I tried reading this question and extracting a general solution, but this question is focused on a particular 2 by 3 matrix whereas I am trying to find a formal proof for an m by n matrix.
I believe I should start by writing two general reduced row echelon matrices, writing Rx=R'x=0 and finding a general answer for each row, then proving they are equal, but I have trouble proving it generally and without presumptions.
Thank you in advance.
Best Answer
Here is an attempt at a direct proof (which is unfortunately more complicated than I would have hoped).

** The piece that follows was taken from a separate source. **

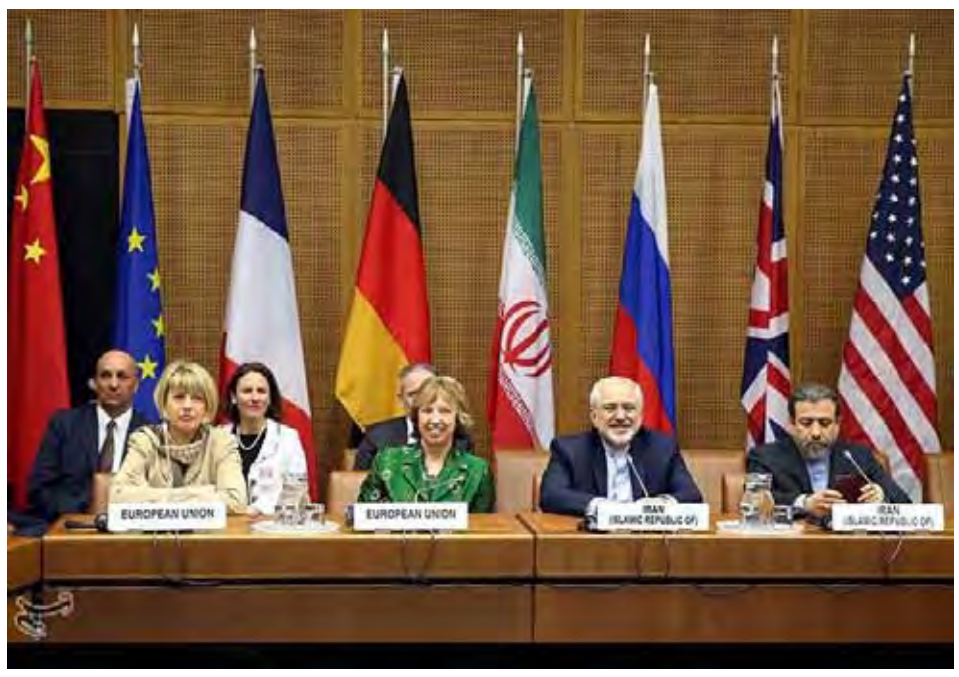
ဆက်လက်ကျင်းပမည်ဖြစ်ကြောင်းသိရသည်။ မည်သည့် နေရာတွင် တွေ့ဆုံညှိနှိုင်းမှုများလုပ်ဆောင်မည်ဆိုသည်ကို မသိရသေးပေ။ နျူကလီးယားဆိုင်ရာ သဘောတူညီမှုရရှိမည်ဆိုလျှင် အီရန်နိုင်ငံအနေဖြင့် စီးပွားရေးပိတ်ဆို့မှုမှ လွတ်မြောက်မည်ဖြစ်သည်။ ဂိုတီအိုင်း။

စရာလေးတွေကျန်နေသေးတယ်”ဟု အမေရိကန်အဆင့်မြင့် အရာရှိတစ်ဦးကပြောသည်။ မည်သည့်အချက်များ ညှိနှိုင်းပြီးပြီဆိုသည်ကိုမူ အသေးစိတ်မသိရသေးပေ။ ညှိနှိုင်းရေးသမားများက မတ်လ ၃၁ ရက်မတိုင်မီ သဘောတူညီမှုရယူနိုင်ရန် မျှော်လင့်နေကြသည်။ သို့သော် ဆွေးနွေးပွဲနောက်ဆုံးရက်ရောက်သည့် တိုင် အမေရိကန်သမ္မတ၏ လိုလားတောင့်တချက်များကို ဖြည့်ဆည်းနိုင်ခြင်းမရှိလျှင် မည်သည့်သဘောတူညီချက်ကို မှု လုပ်ဆောင်မည်မဟုတ်ဟု အမေရိကန်အရာရှိများက ဆိုသည်။ “အီရန်နျူကလီးယားကိစ္စကို နျူကလက်ထုတ်လုပ်ရေး ရပ်ဆိုင်းတဲ့အထိ ဆက်ဆွေးနွေးရမှာပဲ”ဟု အရာရှိများက ဆက်လက်ပြောသည်။ အမေရိကန်နိုင်ငံအပါအဝင် အင်အားကြီးနိုင်ငံများ ဖြစ်သည့် ရုရှား၊ တရုတ်၊ ပြိတိန်၊ ပြင်သစ်နှင့် ဂျာမနီနိုင်ငံများက အီရန်နှင့် နျူကလီးယားလက်နက်ထုတ်လုပ်မှု ရပ်ဆိုင်းရေး သဘောတူညီမှုရရှိရန် အစွမ်းကုန်ကြိုးပမ်းနေကြသည်။ ဂျီနီဗာမြို့တွင် နှစ်ရက်ကြာ ဆွေးနွေးပွဲကျင်းပပြီးနောက် ဆွေးနွေးညှိနှိုင်းမှုကို လာမည့်တနင်္လာနေ့တွင်

It suffices to show that the RREF can be recovered from the nullspace. Let $R$ denote an RREF matrix with $n$ columns; we proceed inductively over $n$. For the case of $n=1$, there are two possible RREF matrices corresponding to the two possible nullspaces.
For $n > 1$, let $U$ denote the nullspace of $R$. Let $R'$ denote the matrix obtained by deleting the last column of $R$. We note that the nullspace of $R'$ has the same dimension as (and is "essentially equal" to) $$ U' = U \cap \operatorname{span}\{e_1,\dots,e_{n-1}\}, $$ where $e_1,\dots,e_n$ denote the standard basis of $\Bbb R^n$. There are two possibilities: in the case that $U' = U$, the final column of $R$ must be linearly independent of the rest, which means that the final column must be a pivot column. For the case that $U' \subsetneq U$, let $p_1<\cdots<p_r$ denote the indexes of the pivot columns of $r$, so that $Re_{p_i} = e_i$ for each $i = 1,\dots,k$. It follows that the final column $Re_n$ of $R$ satisfies $$ Re_n = \sum_{i=1}^k r_{in} e_i = \sum_{i=1}^k r_{in} R e_{p_i} \implies\\ R\left[e_n - \sum_{i=1}^k r_{in} e_{p_i}\right] = 0. $$ That is, if $v = e_n - \sum_{i=1}^k r_{in} e_{p_i}$, then $U = U' + \operatorname{span}(v)$.
I claim that for any $w = e_n - \sum_{i = 1}^k s_{in} e_{p_i}$, we can only have $U' + \operatorname{span}(v) = U' + \operatorname{span}(w)$ if $r_{in} = s_{in}$ for all $i$. If this is proved, then the final column of $R$ is uniquely determined by $U$, which would allow us to finish the proof.